TASK TO COMPLETE:
Determine how many lines in the listing below contain "white", then give only that number.

DATA FOR REVIEW:
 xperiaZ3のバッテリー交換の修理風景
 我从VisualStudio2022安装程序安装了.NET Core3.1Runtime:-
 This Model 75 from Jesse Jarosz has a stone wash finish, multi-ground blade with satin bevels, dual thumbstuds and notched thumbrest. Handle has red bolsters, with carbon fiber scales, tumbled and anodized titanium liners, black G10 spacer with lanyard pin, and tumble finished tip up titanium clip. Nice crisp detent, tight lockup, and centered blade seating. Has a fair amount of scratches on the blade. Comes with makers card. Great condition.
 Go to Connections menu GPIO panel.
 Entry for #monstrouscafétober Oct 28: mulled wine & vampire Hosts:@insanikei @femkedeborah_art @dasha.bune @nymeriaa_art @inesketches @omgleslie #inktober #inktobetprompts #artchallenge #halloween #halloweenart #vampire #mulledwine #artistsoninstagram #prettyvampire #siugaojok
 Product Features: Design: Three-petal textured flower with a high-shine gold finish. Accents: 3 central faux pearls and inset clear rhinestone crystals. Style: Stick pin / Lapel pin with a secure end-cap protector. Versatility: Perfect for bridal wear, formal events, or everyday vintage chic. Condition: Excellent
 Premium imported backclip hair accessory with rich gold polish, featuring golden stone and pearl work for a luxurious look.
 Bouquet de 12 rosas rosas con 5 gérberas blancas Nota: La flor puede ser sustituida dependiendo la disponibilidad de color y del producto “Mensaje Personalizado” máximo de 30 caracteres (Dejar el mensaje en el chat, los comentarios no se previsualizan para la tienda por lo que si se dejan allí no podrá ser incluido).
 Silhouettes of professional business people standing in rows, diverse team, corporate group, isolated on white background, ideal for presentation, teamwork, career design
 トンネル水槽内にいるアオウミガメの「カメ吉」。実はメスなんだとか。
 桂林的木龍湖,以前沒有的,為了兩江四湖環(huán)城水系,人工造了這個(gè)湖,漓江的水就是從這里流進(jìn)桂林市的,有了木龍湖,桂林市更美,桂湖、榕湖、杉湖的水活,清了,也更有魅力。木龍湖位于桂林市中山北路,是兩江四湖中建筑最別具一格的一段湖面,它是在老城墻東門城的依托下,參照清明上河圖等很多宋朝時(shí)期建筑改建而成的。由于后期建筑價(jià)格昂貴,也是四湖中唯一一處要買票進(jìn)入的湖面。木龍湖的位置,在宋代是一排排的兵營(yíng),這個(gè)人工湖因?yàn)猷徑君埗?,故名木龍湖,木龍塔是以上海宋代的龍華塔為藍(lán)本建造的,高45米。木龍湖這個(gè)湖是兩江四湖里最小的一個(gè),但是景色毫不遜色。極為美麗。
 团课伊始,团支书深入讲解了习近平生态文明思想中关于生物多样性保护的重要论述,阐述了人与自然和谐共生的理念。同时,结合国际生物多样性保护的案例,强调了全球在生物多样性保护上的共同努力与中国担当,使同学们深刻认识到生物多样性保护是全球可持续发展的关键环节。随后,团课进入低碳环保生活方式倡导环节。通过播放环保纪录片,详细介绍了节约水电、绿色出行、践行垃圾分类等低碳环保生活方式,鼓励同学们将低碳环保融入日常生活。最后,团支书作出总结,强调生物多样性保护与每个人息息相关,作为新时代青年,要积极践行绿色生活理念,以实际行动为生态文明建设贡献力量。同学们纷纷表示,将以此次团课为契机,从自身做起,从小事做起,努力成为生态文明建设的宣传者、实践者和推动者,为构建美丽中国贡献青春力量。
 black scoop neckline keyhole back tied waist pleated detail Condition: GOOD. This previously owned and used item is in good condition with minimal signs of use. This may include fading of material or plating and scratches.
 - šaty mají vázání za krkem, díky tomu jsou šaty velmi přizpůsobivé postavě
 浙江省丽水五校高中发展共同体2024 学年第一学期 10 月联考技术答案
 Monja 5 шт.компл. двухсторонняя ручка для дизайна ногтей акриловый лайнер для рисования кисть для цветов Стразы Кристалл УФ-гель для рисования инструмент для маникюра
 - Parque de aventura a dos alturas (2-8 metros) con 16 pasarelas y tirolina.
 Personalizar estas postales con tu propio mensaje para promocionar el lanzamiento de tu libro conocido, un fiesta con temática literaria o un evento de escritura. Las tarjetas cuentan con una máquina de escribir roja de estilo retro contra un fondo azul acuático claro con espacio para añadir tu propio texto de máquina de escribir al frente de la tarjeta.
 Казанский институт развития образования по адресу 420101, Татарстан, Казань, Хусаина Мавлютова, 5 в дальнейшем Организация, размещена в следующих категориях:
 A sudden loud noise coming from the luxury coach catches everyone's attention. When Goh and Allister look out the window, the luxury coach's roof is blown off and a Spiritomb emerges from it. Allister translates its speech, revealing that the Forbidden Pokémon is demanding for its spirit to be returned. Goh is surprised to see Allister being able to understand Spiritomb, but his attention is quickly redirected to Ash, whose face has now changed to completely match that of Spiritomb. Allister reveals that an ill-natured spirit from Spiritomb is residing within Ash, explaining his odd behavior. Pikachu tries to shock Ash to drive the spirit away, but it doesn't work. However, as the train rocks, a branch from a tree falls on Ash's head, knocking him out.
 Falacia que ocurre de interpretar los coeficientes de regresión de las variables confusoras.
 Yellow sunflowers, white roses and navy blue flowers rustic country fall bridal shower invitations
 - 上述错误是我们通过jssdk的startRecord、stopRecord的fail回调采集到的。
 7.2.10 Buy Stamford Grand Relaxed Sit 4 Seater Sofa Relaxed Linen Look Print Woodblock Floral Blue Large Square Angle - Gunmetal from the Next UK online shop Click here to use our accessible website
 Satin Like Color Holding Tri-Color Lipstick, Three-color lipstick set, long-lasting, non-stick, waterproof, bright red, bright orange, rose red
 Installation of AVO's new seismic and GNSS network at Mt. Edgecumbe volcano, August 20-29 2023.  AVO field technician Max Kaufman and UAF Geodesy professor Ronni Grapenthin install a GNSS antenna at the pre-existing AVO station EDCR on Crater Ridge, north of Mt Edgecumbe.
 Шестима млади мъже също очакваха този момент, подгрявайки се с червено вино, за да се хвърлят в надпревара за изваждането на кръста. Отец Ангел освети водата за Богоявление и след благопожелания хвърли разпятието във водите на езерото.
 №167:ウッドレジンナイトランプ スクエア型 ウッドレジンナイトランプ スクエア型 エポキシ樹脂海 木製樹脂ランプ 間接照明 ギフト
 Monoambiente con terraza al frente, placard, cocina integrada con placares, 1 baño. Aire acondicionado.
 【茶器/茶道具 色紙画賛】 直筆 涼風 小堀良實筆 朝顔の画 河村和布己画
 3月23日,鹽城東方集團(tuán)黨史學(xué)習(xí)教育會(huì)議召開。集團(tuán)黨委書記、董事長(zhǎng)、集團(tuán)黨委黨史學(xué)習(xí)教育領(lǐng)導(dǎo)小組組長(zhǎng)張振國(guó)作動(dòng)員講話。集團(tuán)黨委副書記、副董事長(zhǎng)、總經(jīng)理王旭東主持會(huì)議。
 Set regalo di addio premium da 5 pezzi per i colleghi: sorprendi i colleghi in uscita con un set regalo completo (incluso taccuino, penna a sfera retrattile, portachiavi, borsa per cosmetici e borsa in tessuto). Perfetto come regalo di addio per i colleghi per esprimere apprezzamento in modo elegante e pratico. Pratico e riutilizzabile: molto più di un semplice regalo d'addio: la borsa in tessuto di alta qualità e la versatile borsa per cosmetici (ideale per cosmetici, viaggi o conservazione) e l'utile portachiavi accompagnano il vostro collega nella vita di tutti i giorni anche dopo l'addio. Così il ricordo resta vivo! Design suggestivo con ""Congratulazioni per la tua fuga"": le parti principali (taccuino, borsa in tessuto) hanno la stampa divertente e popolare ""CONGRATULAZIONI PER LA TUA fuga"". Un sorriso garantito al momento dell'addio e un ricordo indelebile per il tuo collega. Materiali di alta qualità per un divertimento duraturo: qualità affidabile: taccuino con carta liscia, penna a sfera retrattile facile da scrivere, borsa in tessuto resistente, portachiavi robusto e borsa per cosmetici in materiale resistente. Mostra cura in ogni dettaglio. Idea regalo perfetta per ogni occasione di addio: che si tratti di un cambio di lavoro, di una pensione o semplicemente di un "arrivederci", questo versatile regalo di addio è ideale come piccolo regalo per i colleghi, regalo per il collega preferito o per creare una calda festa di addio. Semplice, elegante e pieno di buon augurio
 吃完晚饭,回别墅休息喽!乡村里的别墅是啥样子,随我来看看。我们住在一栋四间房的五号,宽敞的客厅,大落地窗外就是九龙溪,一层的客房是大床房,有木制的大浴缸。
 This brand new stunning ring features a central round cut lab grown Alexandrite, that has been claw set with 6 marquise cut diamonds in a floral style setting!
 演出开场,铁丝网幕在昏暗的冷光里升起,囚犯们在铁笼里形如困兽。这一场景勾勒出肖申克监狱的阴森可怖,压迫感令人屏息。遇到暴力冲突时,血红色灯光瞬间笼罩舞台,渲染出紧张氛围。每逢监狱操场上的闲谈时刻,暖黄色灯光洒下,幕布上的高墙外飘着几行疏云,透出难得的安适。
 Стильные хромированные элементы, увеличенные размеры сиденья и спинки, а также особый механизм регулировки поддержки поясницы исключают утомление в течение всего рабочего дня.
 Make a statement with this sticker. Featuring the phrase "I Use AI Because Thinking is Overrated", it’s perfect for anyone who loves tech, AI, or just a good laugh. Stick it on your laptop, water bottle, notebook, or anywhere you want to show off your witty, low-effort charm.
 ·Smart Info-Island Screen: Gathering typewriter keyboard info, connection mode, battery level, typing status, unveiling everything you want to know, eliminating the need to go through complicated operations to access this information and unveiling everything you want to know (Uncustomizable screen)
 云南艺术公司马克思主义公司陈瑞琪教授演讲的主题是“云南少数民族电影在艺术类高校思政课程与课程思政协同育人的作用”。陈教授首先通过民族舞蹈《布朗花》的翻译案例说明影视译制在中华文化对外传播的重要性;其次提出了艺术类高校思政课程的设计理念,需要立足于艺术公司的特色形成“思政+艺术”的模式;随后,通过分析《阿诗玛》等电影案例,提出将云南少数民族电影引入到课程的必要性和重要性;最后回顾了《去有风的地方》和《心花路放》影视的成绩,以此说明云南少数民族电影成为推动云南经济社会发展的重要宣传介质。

EXPECTED ANSWER:
2